The explosion of Space Shuttle Challenger in 1986 rocked the world. The seven astronaut fatalities and subsequent mission failures, including Hubble, Columbia and several Mars missions, led to senate inquiries and NASA’s eventual realisation that it was social context, rather than technical incompetence, that led to these outcomes.

This uncomfortable truth utimately resulted in the development of the 4-Dimensional system for NASA teams , architected by former Director of Astrophysics, Charlie Pellerin. In How NASA Builds Teams, Charlie describes the program which has since been voluntarily completed by over 1,500 NASA teams. It consists of 8 critical behaviours, across four dimensions:

People-Building or “nurturing” behaviours hone in on, acknowledge and seek to accentuate individual strengths.
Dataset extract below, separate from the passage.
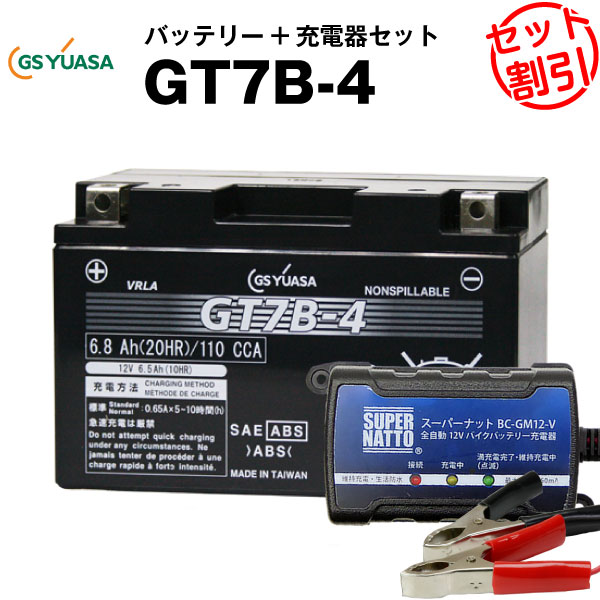 【マラソン限定★エントリーでP10倍】バイクバッテリー充電器+GSユアサGT7B-4 セット 【バイクバッテリー】■■ST7B-4、YT7B-BS、FT7B-4に互換■■ボルティクス・スーパーナット【特別割引】シグナスX,TT250R,YP250,マジェスティ,DR-Z400S

Through the habit of authentic appreciation and the practice establishing shared interests, leaders are able to make individuals feel valued and appreciated.

Team-Building refers to behaviours that foster inclusion, building trust and harmony within a team. An example is practicing appropriate inclusion (as opposed to over-inclusion) on e-mails and in meetings. Keeping agreements, including the setting and maintenance of personal boundaries and team standards are crucial to the development of trust within a team.

When combined with the people-building behaviours, these team-building practices create a basis for psychological safety, which we now know (as a result of Google’s Aristotle project and other research by Amy Edmondson) is foundational for high-performance. Having said that, psychological safety on its own does not necessarily lead to high-performance and this is where the remaining dimensions play a crucial role in turing high-functioning teams into high-performing ones: 

System-Building describes those behaviours that serve to organise a team, bringing role clarity, accountability and matching authority. Equally important is the ability to identify the systemic social glitches that have crept into the system programming – the red ‘storylines’ and team-based dramas that are preventing optimal team performance. The 4-D program gave NASA a means of identying and addressing these, bringing greater clarity and certainty to the daily operational performance of its teams.

Finally, the Idea-Building or ‘visioning’ dimension speaks to a commitment to audacious goals, epitomised by John F. Kennedy’s ‘moon-shot’ speech which ignited the Apollo space program. Underpinning this is the concept of ‘reality-based optimism’ which is defined as ‘the courage to acknowledge uncomfortable truths and then choose the path that leads to the best possible version of the future.’

Underperforming NASA teams tended to show deficits in the ‘Nurturing’ and ‘Including’ behaviours, as opposed to the ‘Directing’ and ‘Visioning’ dimensions and, ironically, it was the relative absence of these so-called ‘soft’ skills that contributed most to mission failures and fatalities. It was not until the 4-Dimensional System introduced these capabilities that balance was restored.